What the task requires:
The records below are to be copied exactly, with their pictures left out.

______________________________

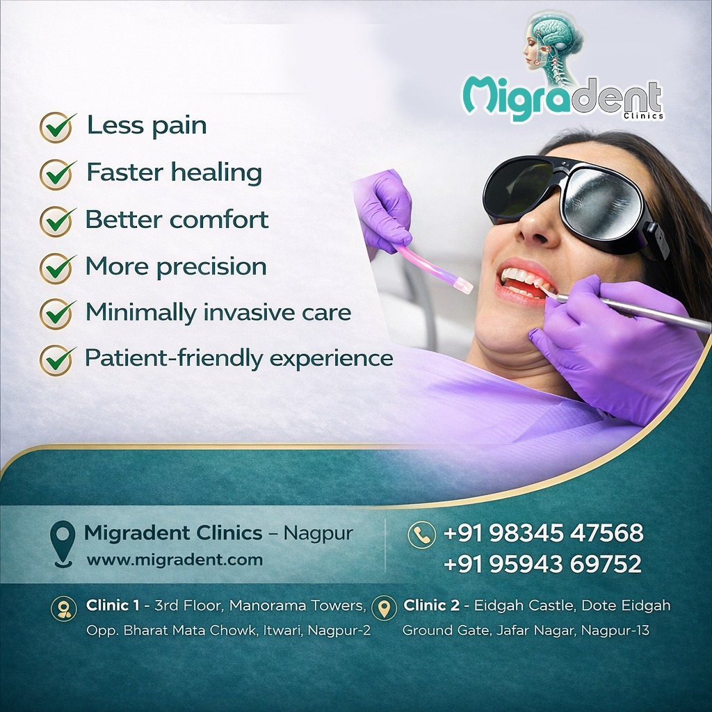 Modern dentistry ab sirf treatment tak limited nahi hai β ab focus hai precision, comfort aur patient-friendly care par. Laser dentistry ki help se dental procedures aur bhi gentle aur controlled ho sakte hain. At Migradent Clinics Nagpur, many patients choose advanced dental technology because they want a modern, comfortable dental experience they can trust. A calm environment, careful approach, aur updated technology β isi wajah se log advanced laser dentistry in Nagpur search karte waqt Migradent Clinics ko consider karte hain. π Migradent Clinics β Nagpur π www.migradent.com π² +91 98345 47568, +91 95943 69752
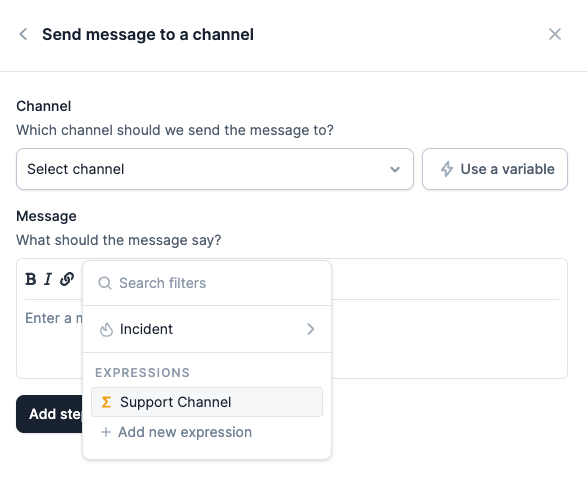 - Please note that not all conditions and steps will accept multiple values. For example, the ‘Send message to Slack Channel’ step expects one single channel. If you choose to return multiple items for a ‘Slack Channel’ expression, then it won’t be available in the ‘Send message to Slack Channel’ options.
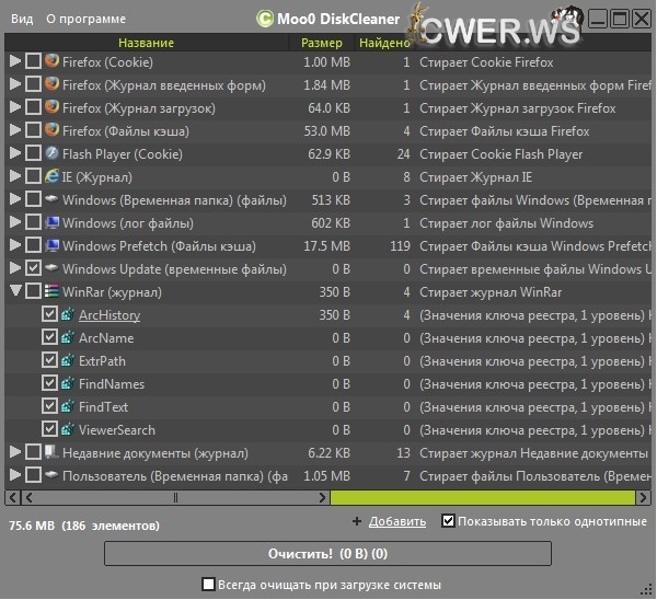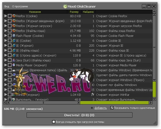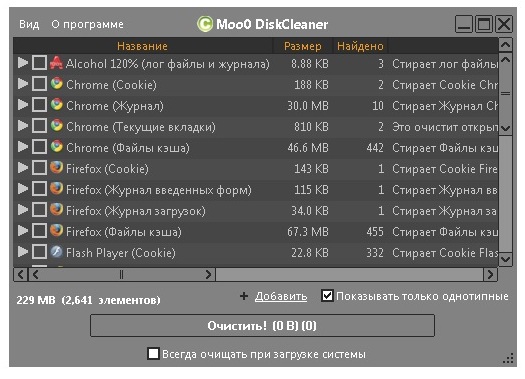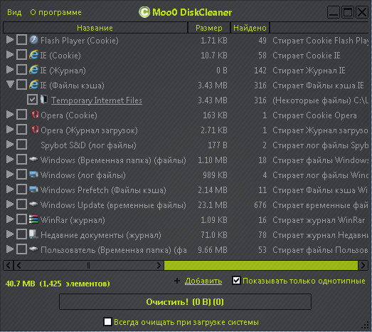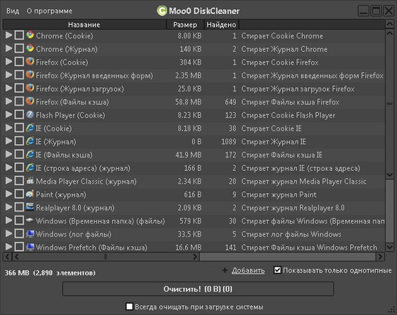 Moo0 DiskCleaner позволяет Вам с помощью одного клика очистить любую информацию с Вашего диска: все что Вам нужно - это указать от чего именно Вы хотите избавиться и просто отметить нужные пункты в предоставляемом программой списке. Программа предоставляет список из более 130 различных предметных областей, которые нуждаются в чистке, среди которых: временные файлы интернета, личные данные, реестр, кэш интернет браузера, файлы истории ну и конечно же cookies.
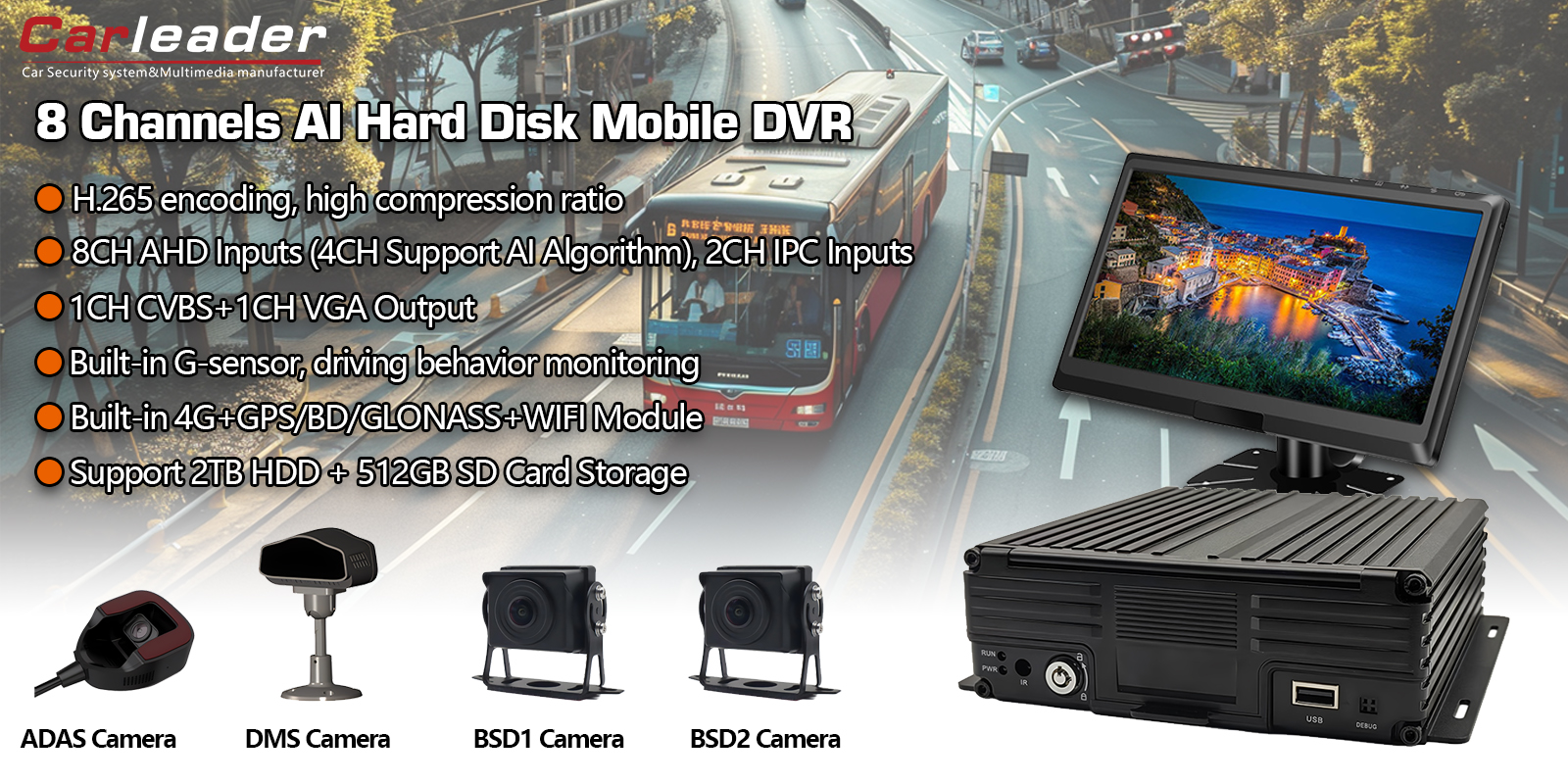 ແນະນຳ Carleader8CH AI HDD Mobile DVR ຮອງຮັບ ADAS+DMS+BSD, ເຄື່ອງບັນທຶກວິດີໂອດິຈິຕອລດິຈິຕອລ Hard Drive ລະດັບສູງ 8 ຊ່ອງທີ່ອອກແບບມາເພື່ອການເຝົ້າລະວັງຍານພາຫະນະແບບມືອາຊີບ ແລະ ການຈັດການເຮືອອັດສະລິຍະ. ປະສົມປະສານການອອກແບບຮາດແວທີ່ເຂັ້ມແຂງກັບລະບົບ AI ຂັ້ນສູງລວມທັງ ADAS, DSM, BSD. ມັນສະຫນອງການບັນທຶກວິດີໂອທີ່ເຊື່ອຖືໄດ້, ຄຸນນະພາບສູງ, ການຊ່ວຍເຫຼືອຜູ້ຂັບຂີ່ທີ່ສົມບູນແບບ, ແລະການຕິດຕາມຄວາມປອດໄພຢ່າງຫ້າວຫັນ - ທັງຫມົດໃນລະບົບດຽວ.
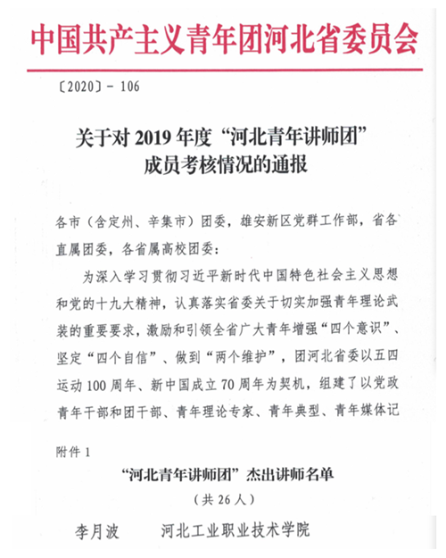 近日,共青团河北省委通报了“河北青年讲师团”考核情况,我院马克思主义学院教师李月波获得“河北青年讲师团杰出讲师”称号,在全省100名讲师团成员中脱颖而出,是26名获此荣誉称号的讲师之一。

______________________________

Response:
 Modern dentistry ab sirf treatment tak limited nahi hai β ab focus hai precision, comfort aur patient-friendly care par. Laser dentistry ki help se dental procedures aur bhi gentle aur controlled ho sakte hain. At Migradent Clinics Nagpur, many patients choose advanced dental technology because they want a modern, comfortable dental experience they can trust. A calm environment, careful approach, aur updated technology β isi wajah se log advanced laser dentistry in Nagpur search karte waqt Migradent Clinics ko consider karte hain. π Migradent Clinics β Nagpur π www.migradent.com π² +91 98345 47568, +91 95943 69752
 - Please note that not all conditions and steps will accept multiple values. For example, the ‘Send message to Slack Channel’ step expects one single channel. If you choose to return multiple items for a ‘Slack Channel’ expression, then it won’t be available in the ‘Send message to Slack Channel’ options.
 Moo0 DiskCleaner позволяет Вам с помощью одного клика очистить любую информацию с Вашего диска: все что Вам нужно - это указать от чего именно Вы хотите избавиться и просто отметить нужные пункты в предоставляемом программой списке. Программа предоставляет список из более 130 различных предметных областей, которые нуждаются в чистке, среди которых: временные файлы интернета, личные данные, реестр, кэш интернет браузера, файлы истории ну и конечно же cookies.
 ແນະນຳ Carleader8CH AI HDD Mobile DVR ຮອງຮັບ ADAS+DMS+BSD, ເຄື່ອງບັນທຶກວິດີໂອດິຈິຕອລດິຈິຕອລ Hard Drive ລະດັບສູງ 8 ຊ່ອງທີ່ອອກແບບມາເພື່ອການເຝົ້າລະວັງຍານພາຫະນະແບບມືອາຊີບ ແລະ ການຈັດການເຮືອອັດສະລິຍະ. ປະສົມປະສານການອອກແບບຮາດແວທີ່ເຂັ້ມແຂງກັບລະບົບ AI ຂັ້ນສູງລວມທັງ ADAS, DSM, BSD. ມັນສະຫນອງການບັນທຶກວິດີໂອທີ່ເຊື່ອຖືໄດ້, ຄຸນນະພາບສູງ, ການຊ່ວຍເຫຼືອຜູ້ຂັບຂີ່ທີ່ສົມບູນແບບ, ແລະການຕິດຕາມຄວາມປອດໄພຢ່າງຫ້າວຫັນ - ທັງຫມົດໃນລະບົບດຽວ.
 近日,共青团河北省委通报了“河北青年讲师团”考核情况,我院马克思主义学院教师李月波获得“河北青年讲师团杰出讲师”称号,在全省100名讲师团成员中脱颖而出,是26名获此荣誉称号的讲师之一。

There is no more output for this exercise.